In my opinion (must get that bit in ) there is no difference between breeding a working dog that needs surgery in order to work (ie doing something humans want it to do) and breeding a toy dog that needs surgery in order to breathe (ie having a flat face because that's what humans find cute). Both have been bred that way by humans who have put their own needs/wants/wishes above the welfare of the dogs. Both need surgery in order to fulfil thir function properly.


----------



## Elles (Aug 15, 2011)

In the above example, the working dog is given surgery because he may or may not be able to do a job, he still functions as a dog and can live his life without the surgery. The jury is still out as to whether an individual dog or breed need their tails docking anyway.

The dog that needs surgery to be able to breathe, can't breathe properly without it, doesn't function as a dog and needs the surgery to make his life comfortable. Essential surgery.

Rather like a cancer sufferer might need breast surgery to survive, but boob jobs are for self esteem, money, etc. you're not going to die if you don't get a boob job.

Creating a breed of dog that can't breathe properly without surgery is nothing like breeding a healthy working dog that might need it's tail chopped off to avoid injuring itself. imho.

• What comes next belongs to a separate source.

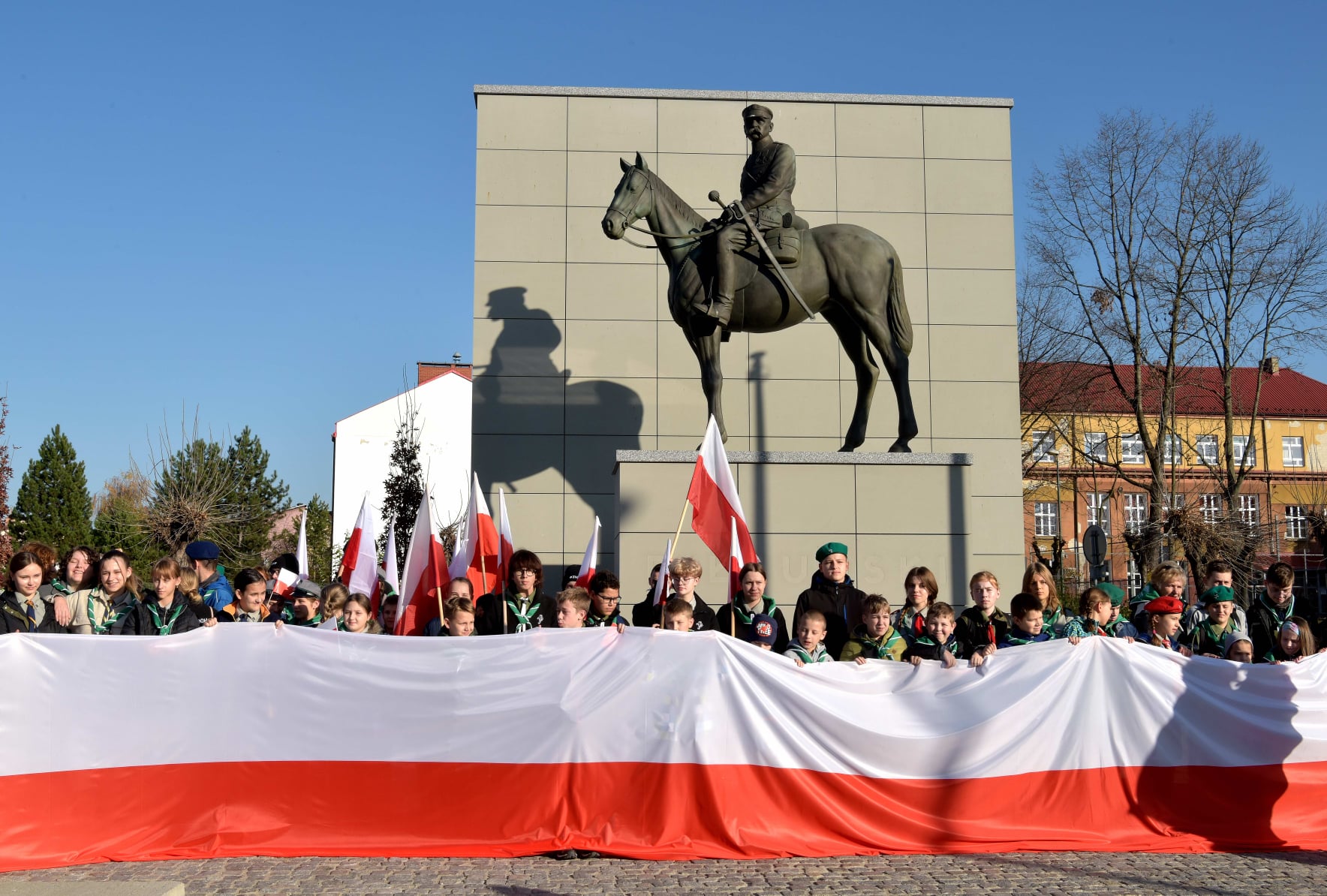 Na zakończenie uroczystości parlamentarzyści, samorządowcy i przedstawiciele wielu środowisk i organizacji złożyli wieńce i wiązanki kwiatów pod pomnikiem Marszałka Józefa Piłsudskiego, jednego z Ojców naszej Niepodległości.

and I don't even agree with docking. 

One alternative to docking is maybe not working dogs at all, or leaving their tails on and waiting to see what happens. The only alternative to breeding breeds of dog that suffer breathing problems is to not breed them in the first place.

There's all this supposed evidence that working dogs damage themselves unless their tails are cut off, how many working dogs are there who don't have their tails cut off and how many hurt themselves?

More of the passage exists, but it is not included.